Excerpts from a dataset
=======
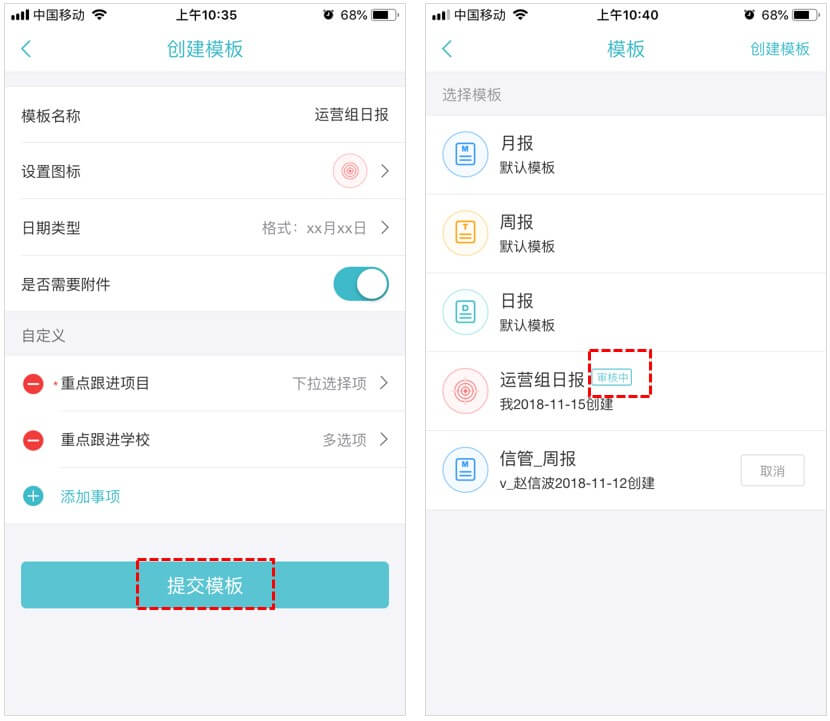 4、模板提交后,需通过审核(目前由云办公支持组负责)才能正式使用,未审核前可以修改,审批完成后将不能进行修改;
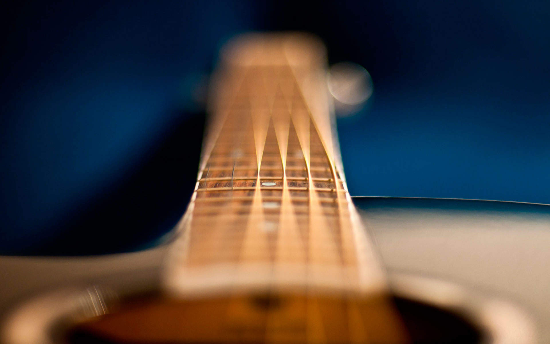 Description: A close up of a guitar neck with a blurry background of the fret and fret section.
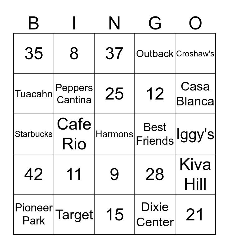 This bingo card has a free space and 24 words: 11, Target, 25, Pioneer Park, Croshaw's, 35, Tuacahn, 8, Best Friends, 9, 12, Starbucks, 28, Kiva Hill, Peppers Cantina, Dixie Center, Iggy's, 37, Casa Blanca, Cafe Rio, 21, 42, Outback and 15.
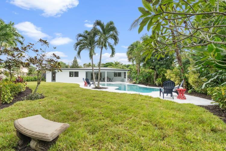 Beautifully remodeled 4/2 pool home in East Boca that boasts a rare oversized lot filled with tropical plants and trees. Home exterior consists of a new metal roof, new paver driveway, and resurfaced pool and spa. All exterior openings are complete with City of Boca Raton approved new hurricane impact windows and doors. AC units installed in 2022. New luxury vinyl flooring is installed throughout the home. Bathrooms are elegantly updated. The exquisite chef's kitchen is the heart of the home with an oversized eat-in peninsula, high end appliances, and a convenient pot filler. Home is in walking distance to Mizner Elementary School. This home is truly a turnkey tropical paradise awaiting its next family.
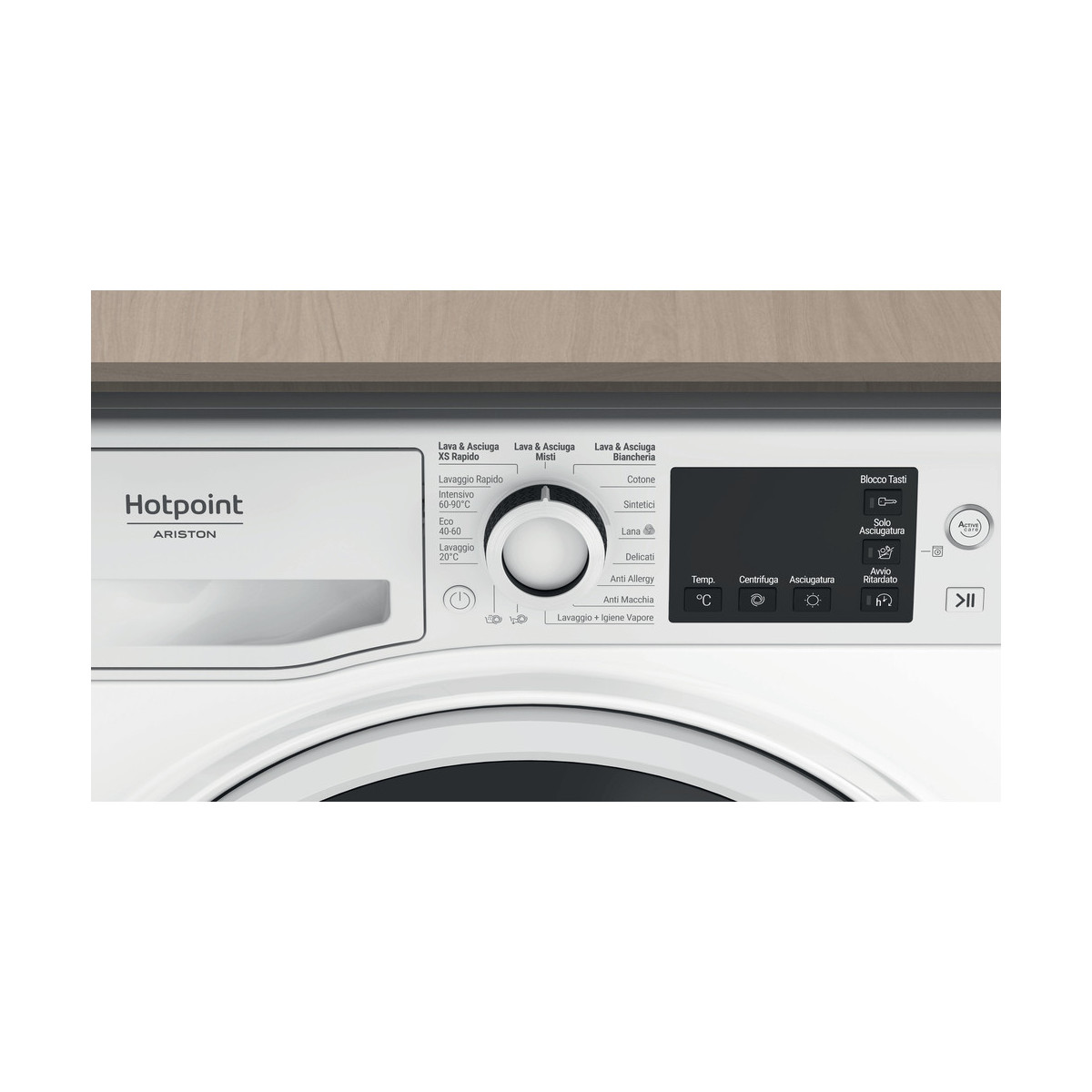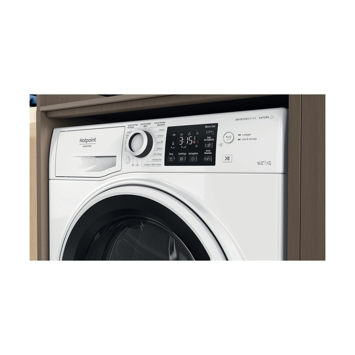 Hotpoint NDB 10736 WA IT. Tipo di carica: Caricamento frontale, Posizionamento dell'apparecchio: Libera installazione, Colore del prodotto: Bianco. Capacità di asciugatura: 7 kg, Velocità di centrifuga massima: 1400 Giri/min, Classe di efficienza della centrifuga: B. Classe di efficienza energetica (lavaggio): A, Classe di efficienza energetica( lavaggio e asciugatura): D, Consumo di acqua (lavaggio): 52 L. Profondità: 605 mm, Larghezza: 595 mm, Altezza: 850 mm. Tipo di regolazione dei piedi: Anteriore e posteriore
=======
EXERCISE BRIEF:
Each line from the top of the records through the one containing "This bingo card" needs to be transcribed exactly, without pictures.

EXPECTED ANSWER:
 4、模板提交后,需通过审核(目前由云办公支持组负责)才能正式使用,未审核前可以修改,审批完成后将不能进行修改;
 Description: A close up of a guitar neck with a blurry background of the fret and fret section.
 This bingo card has a free space and 24 words: 11, Target, 25, Pioneer Park, Croshaw's, 35, Tuacahn, 8, Best Friends, 9, 12, Starbucks, 28, Kiva Hill, Peppers Cantina, Dixie Center, Iggy's, 37, Casa Blanca, Cafe Rio, 21, 42, Outback and 15.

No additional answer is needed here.